# Spar varnish polishing?



## hockeyPop29 (Jun 4, 2015)

Hi all!
I've been working on a bass guitar project, where I made the body out of swamp ash. To highlight the grain, I rubbed silver powder into the open grain of the black dyed body, shellacked it, then rubbed it down to a weathered finish. The guy I'm building this for at that point said he wanted it "shiny," and someone suggested spar varnish. I put maybe 5 coats on over a month, sanding in between coats. After the last coat, I waited a week, rubbed the guitar down with paraffin oil & rotten stone using my palm, so I'm now back to about the same satin finish as before. 

I've wiped all of the oil and rotten stone off with naphtha, and am not sure where to go from here. Should I continue with rotten stone until it is high gloss, or would someone recommend what to move to next (I was considering an automotive glaze or wax, but have put a ton of time into this project, would hate to mess up now!)

All ideas and suggestions appreciated (short of going with a store bought instrument!)


----------



## epicfail48 (Mar 27, 2014)

Ive never had luck rubbing out a varnish finish. It seems like most of them are too soft and just don't polish well. Ive always found that however shiny the finish is off the brush is the maximum shininess. 

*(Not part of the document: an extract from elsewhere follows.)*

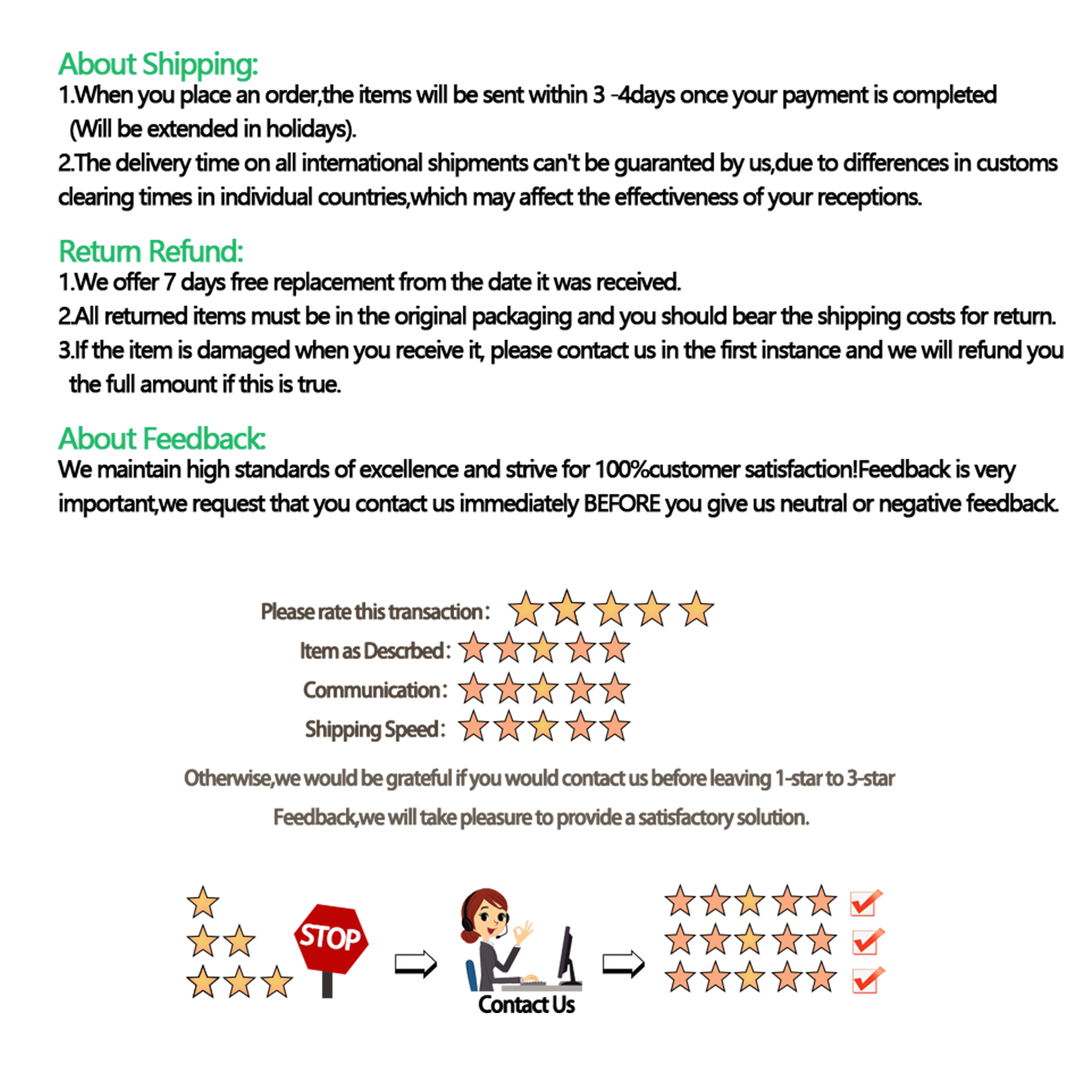 1. Aufgrund von Unterschieden in den Produktchargen kann die Verpackung variieren, während die manuelle Messung leicht ungenau ist, bitte beachten Sie die Sachlage.

Automotive polishing compound could work to polish what you have, but personally I'd rather put a coat or two of lawyer over what you have and then rub that out to a high gloss


----------



## hockeyPop29 (Jun 4, 2015)

@epicfail48: Thanks for the advice! Will lacquer adhere to spar varnish? I've used it over shellac, but that's the totality of my woodworking experience.


----------



## GROOVY (Apr 27, 2008)

I think varnish is more for boats and such and looks great from 5' I finished my boat it took 15 coats and the final coat was it .... With all that media you have been polishing with you may consider shellac then lacquer.


----------



## Steve Neul (Sep 2, 2011)

First of all you should never have used a spar varnish for that project. A spar varnish is made softer to endure being it the sun all day, day after day. From where you are I would clean the guitar off with a wax and grease remover, sand it and apply another coat, preferably spraying it. When completely dry wet sand the varnish with a 1500 grit or finer paper. From there buff the finish with a auto polisher with rubbing compound until you get a shine on it and then use the wax of your choice. 

For a wax and grease remover I prefer Dupont Prepsol Solvent.

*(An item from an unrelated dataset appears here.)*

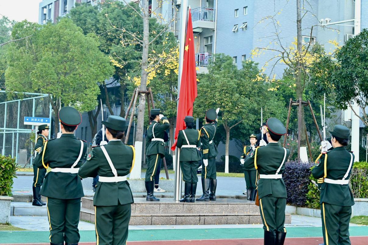 早上七时,升旗仪式正式开始。冬日晨曦下,国旗护卫队在国歌奏唱声中护送五星红旗冉冉升起。在场师生肃立注视国旗飘扬,齐唱国歌。

You cannot put lacquer over a varnish. The solvents in lacquer will eat into varnish and wrinkle it up like you put paint stripper on it.


----------



## epicfail48 (Mar 27, 2014)

Steve Neul said:


> You cannot put lacquer over a varnish. The solvents in lacquer will eat into varnish and wrinkle it up like you put paint stripper on it.

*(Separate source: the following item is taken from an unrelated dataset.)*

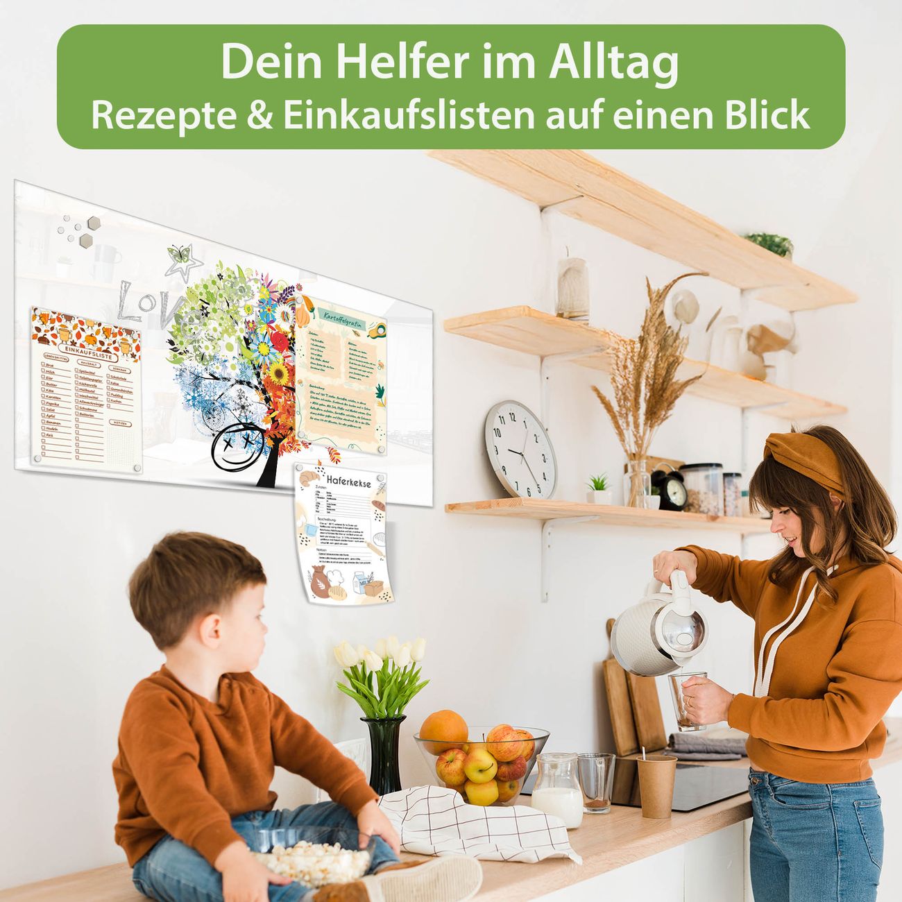 Auf der glatten Glasoberfläche lassen sich Termine, Rezepte oder Notizen ganz einfach mit Kreidestiften festhalten und rückstandslos entfernen. Starke Neodym-Magnete halten Ihre wichtigsten Erinnerungen sicher an Ort und Stelle. So entsteht Ihre ganz persönliche Ideenwand - jeden Tag neu.

Hmm, didnt know that. That said, a couple coats of shellac over top should buff out well enough to get you a high gloss though. 

Personally though, I'd strip everything down to wood and start over. Like Steve said, a spar varnish isn't the best finish for a guitar. I'm fond of the classics, just French polishing shellac. Not the most durable thing in the world, but hard to beat looks wise


----------



## hockeyPop29 (Jun 4, 2015)

The past couple of days I've spent basically sanding down to the shellac (which I applied French polish-style over the dye & silver powder). It's back to a nice, soft luster like I originally envisioned. I'm just going to buff it out with carnauba wax from here, and hopefully the buyer will agree it's the right amount of shine for the look. If not, I'll put it up for sale and start from scratch with another degree from Learning the Hard Way U. I think the high gloss, from a distance, made it look more plastic-like anyway. 

I've built a few guitars, but never ventured to finishes other than shellac, oil, or lacquer. A guy I know who had finished his antique truck's wood bed had recommended Spar varnish. I wish I had signed up for this forum before I tried it!

Close up, the body photographs very brown, I guess there's something about the black pigment that the camera doesn't see. I'll throw up some pics of the whole thing here when I finish the build, hopefully soon, if anyone is curious. 

Thanks for the advice, guys, nothing better than the voice of experience!


----------